Plaintiff employees sued a restaurant chain to recover civil penalties under the Private Attorneys General Act of 2004 (Lab. Code, § 2698 et seq.; PAGA) for various Labor Code violations. Defendants moved to compel arbitration. The trial court denied the motion and defendants appealed. Affirming in part and reversing in part, the Court of Appeal stated: “Based on Viking River Cruises, Inc. v.

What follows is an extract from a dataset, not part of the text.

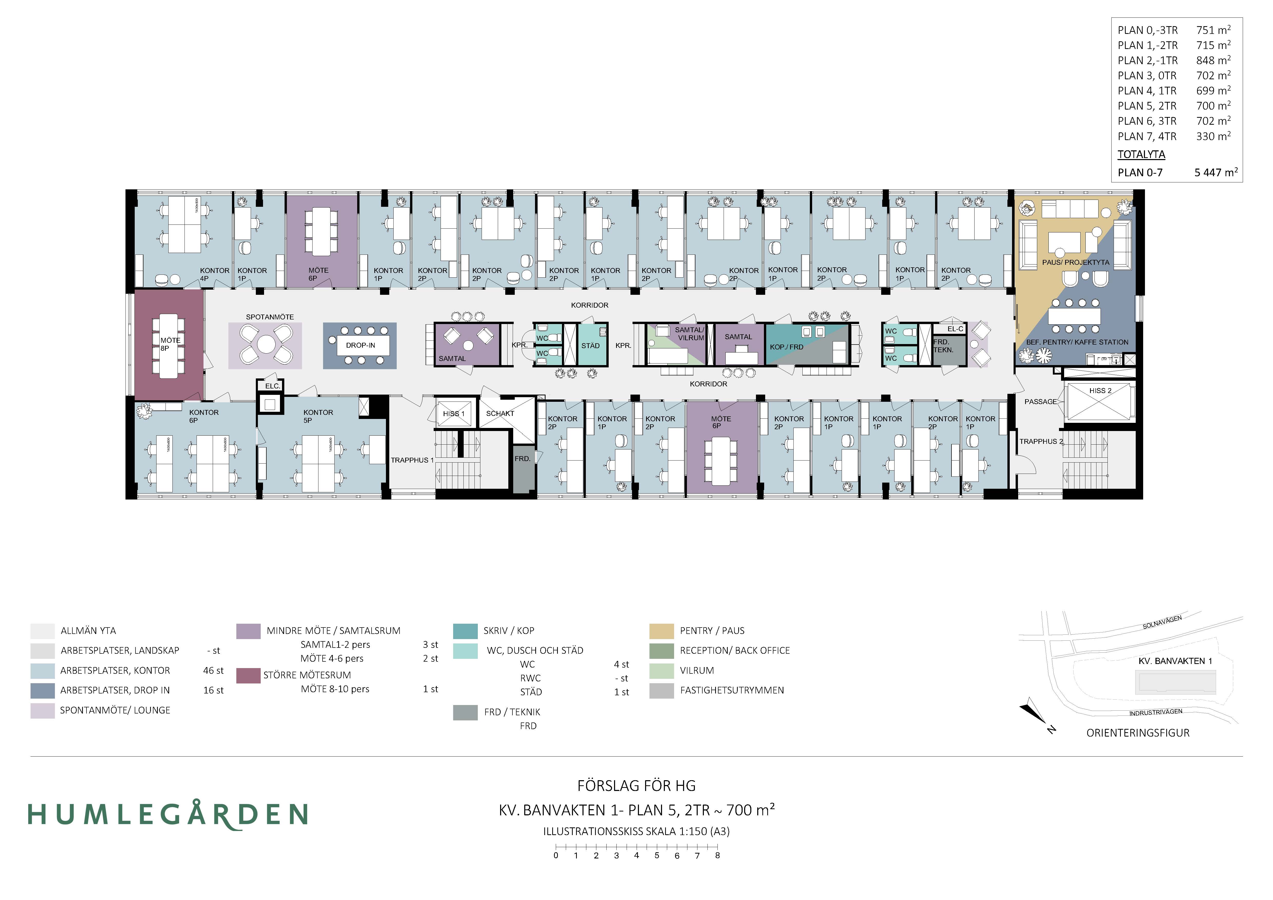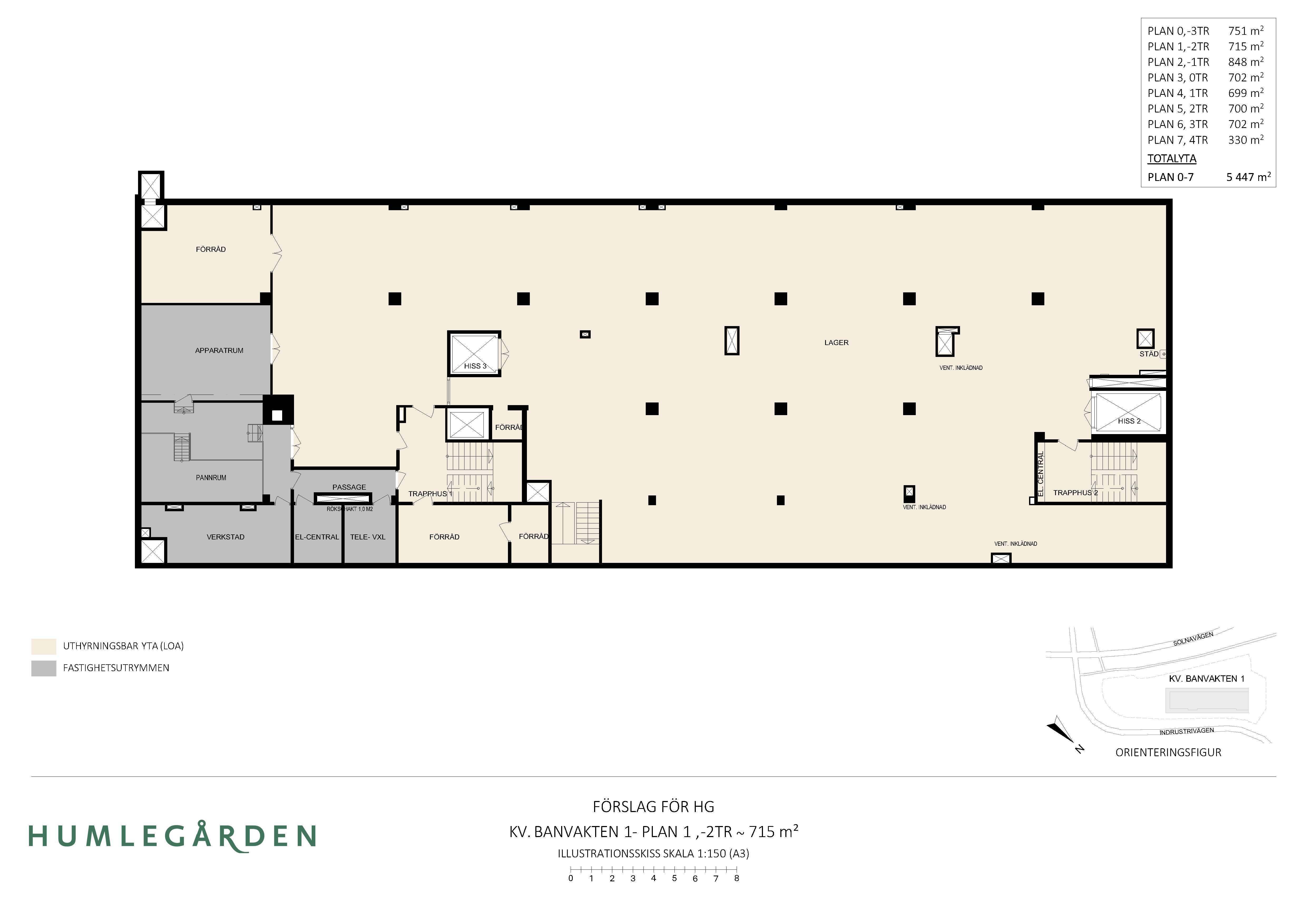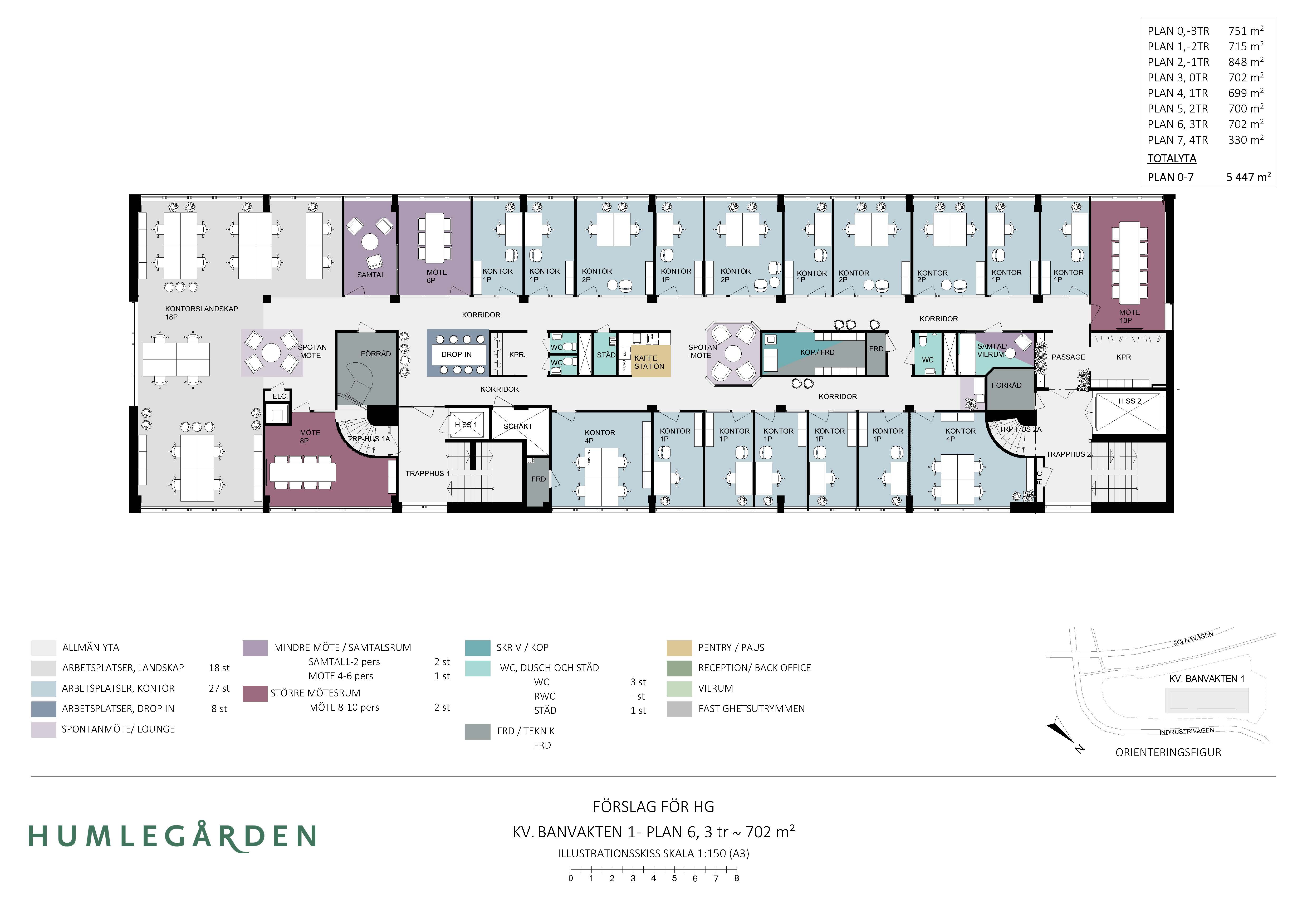 Huset med 8 våningar erbjuder stor flexibilitet och möjlighet att forma ytorna efter verksamhetens behov. Lokalen på totalt 5 447 kvm består av 3 133 kvm kontorsyta, 1 466 kvm lager samt ett sutterängplan för lager/kontor på 848 kvm. Här finns även smidiga logistiklösningar med lastkaj och lasthiss. Stora fönster i olika väderstreck skapar en ljus och inspirerande arbetsmiljö. Mötesrum i olika storlekar, en hörsal för upp till 50 personer samt öppna ytor för gemenskap ger plats för både arbete och avkoppling.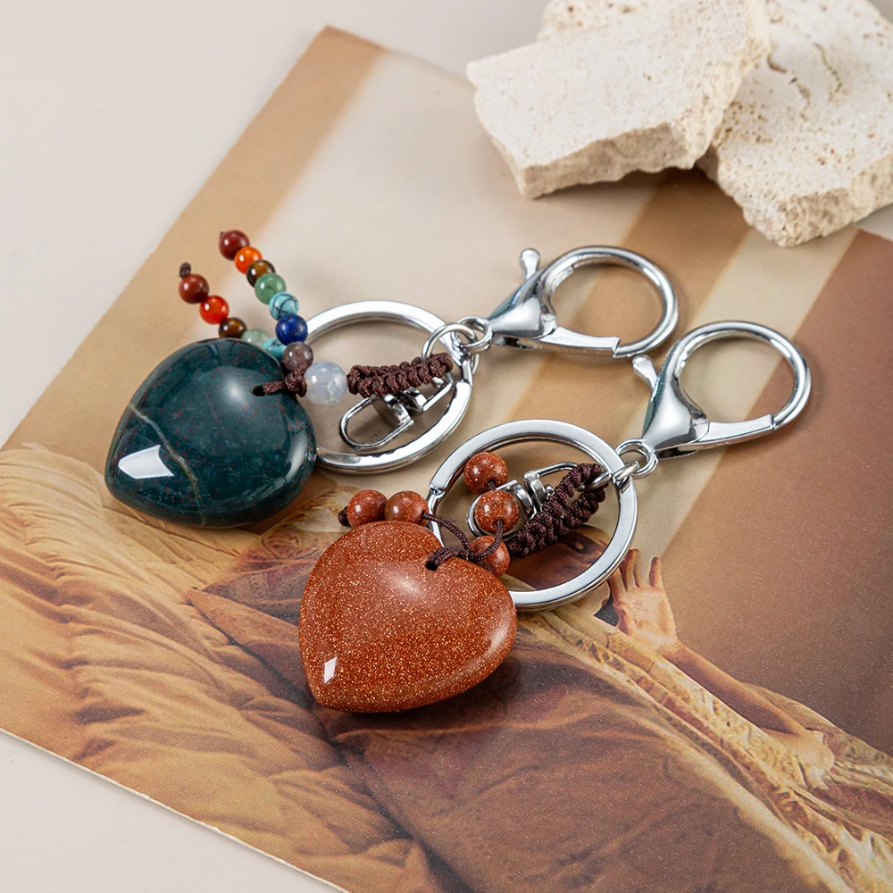 - Natural Crystal Keychain,Gemstone Love Key Chain,Heart Stone

Moriana (2022) 596 U.S. __, [142 S.Ct. 1906] (Viking River) and the Federal Arbitration Act (FAA) (9 U.S.C. § 1 et seq.), we conclude the parties’ agreements require arbitration of plaintiffs’ PAGA claims that seek to recover civil penalties for Labor Code violations committed against plaintiffs. On an issue of California law that the California Supreme Court has recently resolved, we conclude plaintiffs’ PAGA claims that seek to recover civil penalties for Labor Code violations committed against employees other than plaintiffs may be pursued by plaintiffs in the trial court. (Adolph v. Uber Technologies, Inc. (2023) 14 Cal.5th 1104 (Adolph).).” (Barrera v. Apple American Group LLC (Cal. App. 1st Dist., Div.2, Aug. 31, 2023) 2023 WL 5620678.)
Racial Justice Act.
Petitioner was charged with several firearm possession crimes after police discovered a handgun during a search of his car. Petitioner filed a motion under the California Racial Justice Act of 2020 (Pen. Code, § 745 (a)) claiming that police stopped and searched his car because he is Black. The trial court denied petitioner’s motion for failure to state a prima facie violation of the Racial Justice Act. Issuing a writ of mandate, the Court of Appeal stated: “Because the trial court’s review of Finley’s motion went beyond the confines of determining whether it stated a prima facie case, we will grant Finley’s petition for writ of mandate and direct the trial court to rehear the motion.” (Finley v. Superior Court (Cal. App. 1st Dist., Div. 4, August 30, 2023) 2023 WL 5620093.)